*Exercise*:
Copy the listing exactly, leaving out every picture.

*Information shown*:

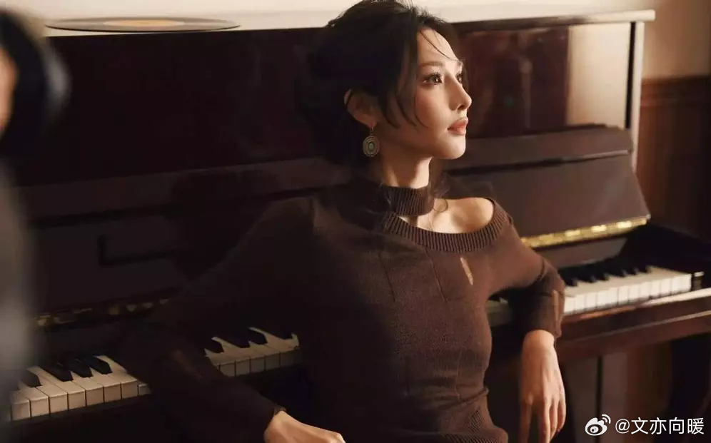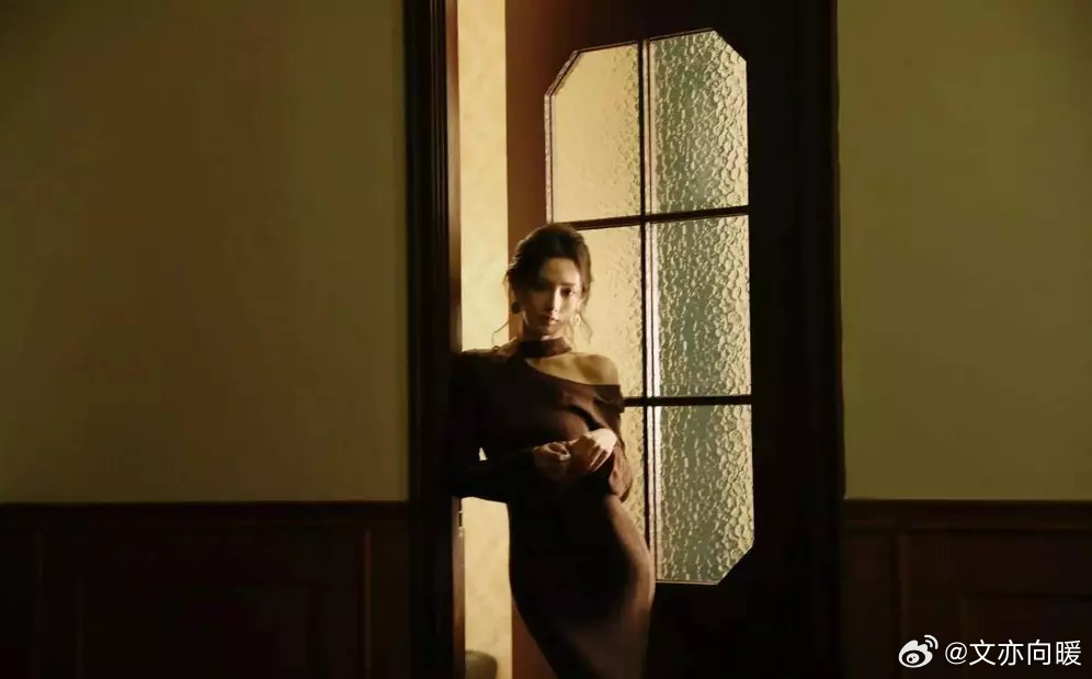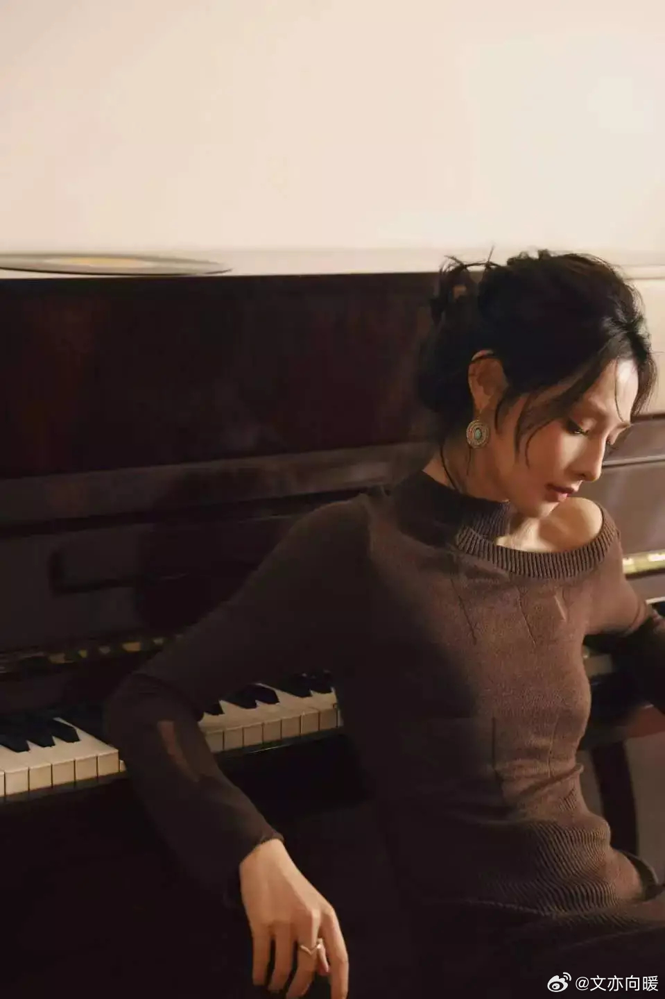 彭小苒穿咖色露肩针织裙,在暖光房间里尽显慵懒优雅。
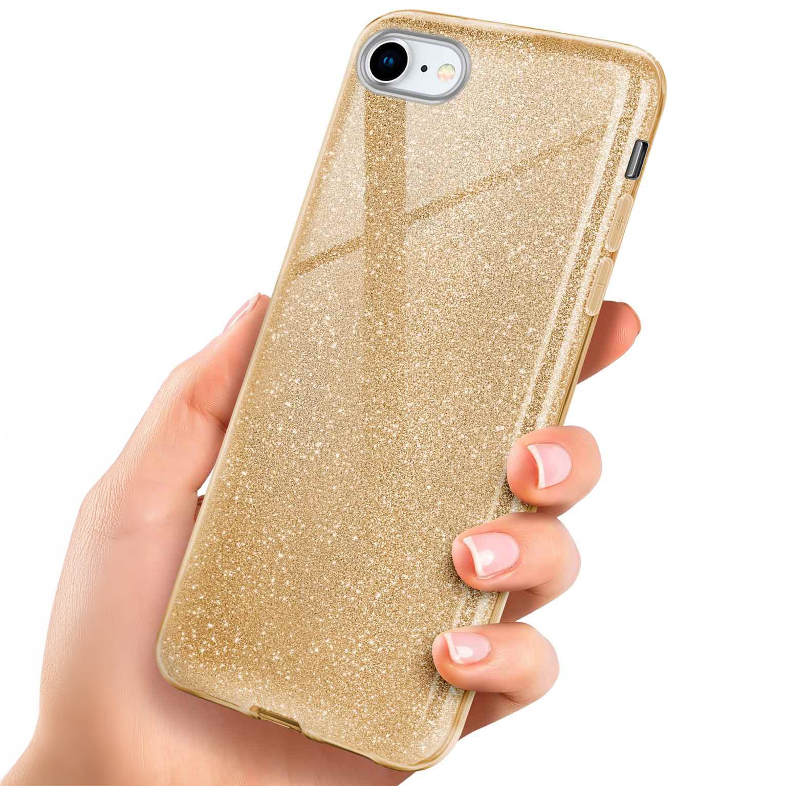 ONEFLOW Glitter Case iPhone 8 mit Glitzer Look – Shine-Gold
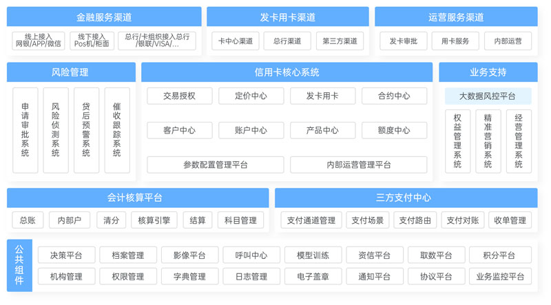 建立各種彼此獨立又互相協作的模塊化服務中心,如產品中心、定價中心、額度中心、授權中心、賬務中心、運營中心等,為信用 卡業務的快速、靈活、彈性、創新發展提供可能

*Your response*:
 彭小苒穿咖色露肩针织裙,在暖光房间里尽显慵懒优雅。
 ONEFLOW Glitter Case iPhone 8 mit Glitzer Look – Shine-Gold
 建立各種彼此獨立又互相協作的模塊化服務中心,如產品中心、定價中心、額度中心、授權中心、賬務中心、運營中心等,為信用 卡業務的快速、靈活、彈性、創新發展提供可能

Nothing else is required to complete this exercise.